Sri Lankan dancer, choreographer, artist

Veronika Dassanayaka also spelt Veronika Dassanayake is a Sri Lankan dancer, choreographer, artist and lecturer. She has also served as a major of Sri Lanka Army and also served as the leader of Sri Lanka Army dancing troupe.

== Biography ==
She pursued an interest in dancing since her school days. She began her primary education at the Pushpadana Girls' College in Kandy and she later switched to Anula Vidyalaya in Nugegoda to complete the remainder of her school studies. She initially learned Kandyan dancing under the guidance of Vidhawathi Rajapaksha.

== Career ==
Veronika received the Indian Council for Cultural Relationship (ICCR) scholarship offer in 2002 and enrolled at the Bhatkhande Sanskriti Vishwavidyalaya (also known as Bhatkhande Music University), an art school based in Lucknow. She received the opportunity to study at Bhatkhande Music University soon after completing her GCE Advanced Level Examination. She obtained her Bachelor of Arts degree with in 2008 from the Bhatkhande Music University.

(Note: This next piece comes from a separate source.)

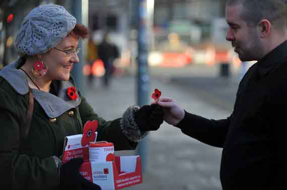 Старинная традиция, идущая от кружечных сборов 19 века – давать за пожертвование маленькие сувениры. Это могут быть металлические и бумажные жетоны с различными изображениями – Знаки пожертвований, или, как в данном случае, бумажные цветы

She gained her training sessions in Kathak dance from Kathak teacher, Arjun Mishra. She obtained her Master of Arts degree at the University of Visual and Performing Arts in 2012. She has also conducted Kathak dance lectures to students in Sri Lanka. Two of Veronika Dassanayaka's Kathak dance students, Chithreena Medis and Thelma Medis, became the first mother-daughter duo to conduct a Kathak dance stage performance. During her career, she created and developed a unique style of performing arts as part of her experiments in order to enhance the quality of performing arts by adding a wider canvas of emotions, expressions, and dimensions.

She has performed Kathak dances catering to Indian audiences during occasional tours to India in and has also toured other countries, performing recitals and lecture demonstrations.